(RECORDED DATA Opens)

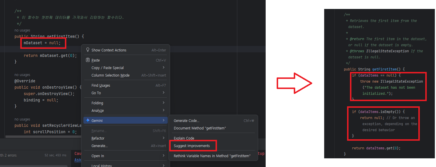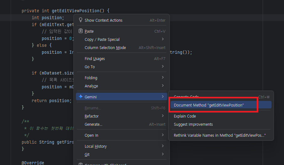 함수 -> 마우스 우클릭 메뉴 -> Gemini -> Document Method "함수명" 선택
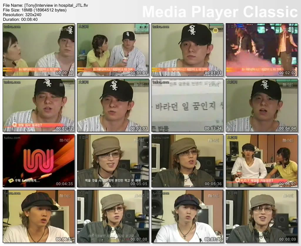 Vid này là một cuộc phỏng vấn Tony về vết thương khi quay MV without your love khiến em ấy gục xuống trong buổi diễn comeback (trong chương trình có cả Hee Jun biểu diễn và Kang Ta làm MC).Có thể nói show này là lần đầu tiên H.O.T gặp lại nhau trước mặt mọi người và cùng đứng trên 1 sân khấu (cho dù không phải là hát chung).JTL biểu diễn trước, ngay sau đó là đến Hee Jun, nhưng ngay khi kết thúc bài hát, Tony đã gục xuống và ngay lập tức được đưa vào bệnh viện trong khi Hee Jun đang hát (vid này sẽ up sau).Trong cuộc phỏng vấn Tony cũng tỏ ra rất tiếc khi không được xem Hee Jun biểu diễn.Source:tudou/H.O.T’s fanblog
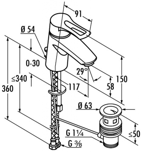 Waschtisch-Einhebelmischer mit Zugknopf-Ablaufgarnitur 1 1/4"
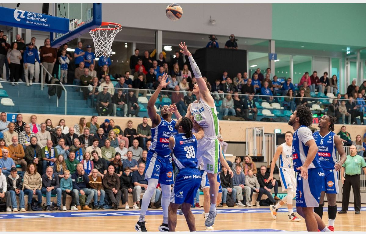Zorg en Zekerheid Leiden is er niet in geslaagd om Kangoeroes Basket Mechelen te verslaan. De Leidse ploeg verloor de strijd eigenlijk al in het eerste kwart. Mechelen won dat kwart door een sterke verdediging met 8-19. Zorg en Zekerheid Leiden kwam in het derde kwart nog terug tot acht punten, maar daar bleef het bij: 69-81.

(RECORDED DATA Closes)

* _EXERCISE REQUIREMENTS_
Apart from the images, reproduce the listing exactly as it appears.

* _SOLUTION BELOW_
 함수 -> 마우스 우클릭 메뉴 -> Gemini -> Document Method "함수명" 선택
 Vid này là một cuộc phỏng vấn Tony về vết thương khi quay MV without your love khiến em ấy gục xuống trong buổi diễn comeback (trong chương trình có cả Hee Jun biểu diễn và Kang Ta làm MC).Có thể nói show này là lần đầu tiên H.O.T gặp lại nhau trước mặt mọi người và cùng đứng trên 1 sân khấu (cho dù không phải là hát chung).JTL biểu diễn trước, ngay sau đó là đến Hee Jun, nhưng ngay khi kết thúc bài hát, Tony đã gục xuống và ngay lập tức được đưa vào bệnh viện trong khi Hee Jun đang hát (vid này sẽ up sau).Trong cuộc phỏng vấn Tony cũng tỏ ra rất tiếc khi không được xem Hee Jun biểu diễn.Source:tudou/H.O.T’s fanblog
 Waschtisch-Einhebelmischer mit Zugknopf-Ablaufgarnitur 1 1/4"
Zorg en Zekerheid Leiden is er niet in geslaagd om Kangoeroes Basket Mechelen te verslaan. De Leidse ploeg verloor de strijd eigenlijk al in het eerste kwart. Mechelen won dat kwart door een sterke verdediging met 8-19. Zorg en Zekerheid Leiden kwam in het derde kwart nog terug tot acht punten, maar daar bleef het bij: 69-81.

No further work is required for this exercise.